In detail, the true model consists of three latent classes, six dichotomous indicators (high/low), one treatment variable Z (0 = control, 1 = treatment), and two categorical confounders (–.5; .5 for C1 and −2; −1; 0; 1; 2 for C2). In class 1, the item response probabilities for a high response were 0.8 for all items; in class 2, these probabilities were 0.8 for the first three items and 0.2 for the last three items; and in class 3, they were 0.2 for all items. This setup resembles moderate class separation and was also used by Vermunt (Citation2010) and Clouth et al. (Citation2022). These probabilities for a high response correspond to logit values of 1.3863 and −1.3863, respectively. The covariate effects on the classes were modeled using multivariate logistic regression with class 1 as the reference class and logit parameters of [–1, −1, 1, 1] (including the first parameter for the intercept) for class 2 and [–2, 1, −1, γZ] for class 3 where γZ was varied with [1, 2] for the effect of treatment. The effect of the confounders on the treatment assignment, thus, the propensity-score model, was modeled using binary logistic regression with logit parameters of [0, β1, 1] with β1 [1, 2]. Furthermore, there are two main scenarios to be considered. In scenario 1, Z has direct effects on the indicators three and six and in scenario 2, C1 has direct effects on the indicators three and six with the logits for these direct effects set to 1. gives an overview of the resulting scenarios from varying these parameters.

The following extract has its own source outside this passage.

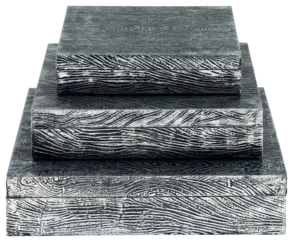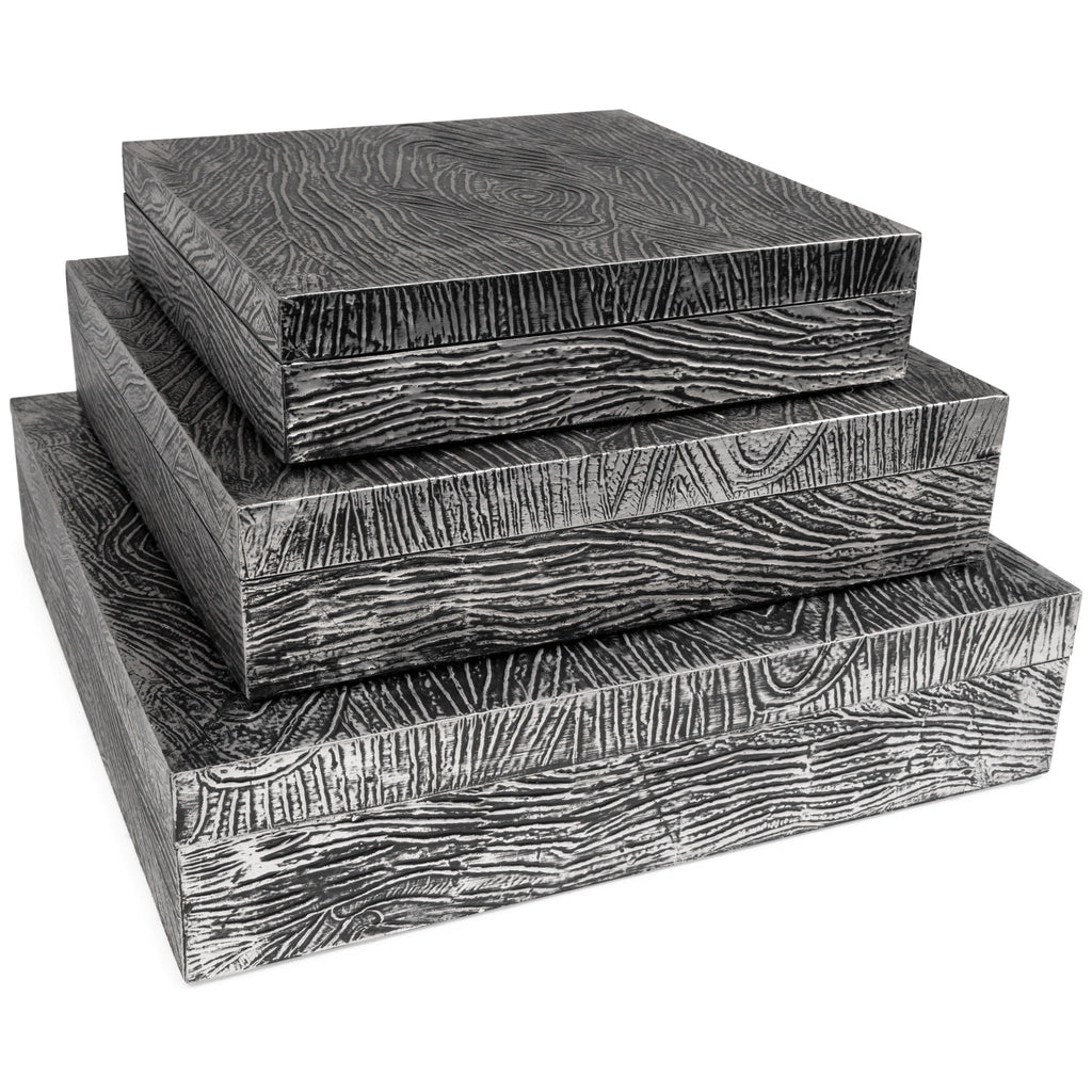 Ideal for a dresser, chest or accent table, this set of three wood and metal boxes is a contemporary choice... Ideal for a dresser, chest or accent table, this set of three wood and metal boxes is a contemporary choice for the forward-thinking modernist. Keldy - Box Set (Set of 3) - Antique Brass Finish12.88"W x 12.88"D x 3.38"H - 7.0 lb Keldy - Box Set (Set of 3) - Antique Pewter Finish12.88"W x 12.88"D x 3.38"H - 8.0 lb View more

Table 1. Bias of the estimate of the ATE.

Generally, it is up to the researcher to define the ATE when using LCA in this context. For instance, there might be a class for which class membership might be unfavorable, such as a poor quality of life class or a high substance-use class. The ATE can then be defined as the difference in class membership probability under treatment option A compared to treatment option B for the unfavorable class concerned.Footnote2 In our simulated data example, we arbitrarily chose to define the ATE to be the difference in class membership probability for class three.

3.2. Results

reports the bias of the estimate of the ATE for the regression adjustment approach, the one-step IPW approach, and the three-step IPW approach where for all approaches direct effects have either been ignored or correctly modeled. Results are presented for varying levels of effect sizes for the true ATE and the true confounding effect where either treatment or a confounding variable causes DIF. As can be seen, all three approaches reproduce the true ATE perfectly when direct effects are modeled correctly. When DIF is ignored, all three approaches estimate the ATE with a severe bias if treatment has the direct effects on the indicators. The bias decreases for stronger effects of the treatment on the classes but is unaffected by the strength of confounding. Here, the parameters were overestimated. However, the direction of the bias depends on the direction of the direct effects and on which classes are compared. If DIF is caused by a confounding variable, the ATE seems to be mostly unaffected even when DIF is ignored.

4. A Real-Life Example Using Data from the National Longitudinal Survey of Youth 1979

In this example, we re-analyze data from the National Longitudinal Survey of Youth 1979 (NLSY79) that was used as a motivating example by Lanza et al. (Citation2013). The NLSY79 cohort is a representative sample of the American youth born between 1957 and 1964. Annual interviews were conducted between 1979 and 1994 (Center for Human Resource Research, Citation1997).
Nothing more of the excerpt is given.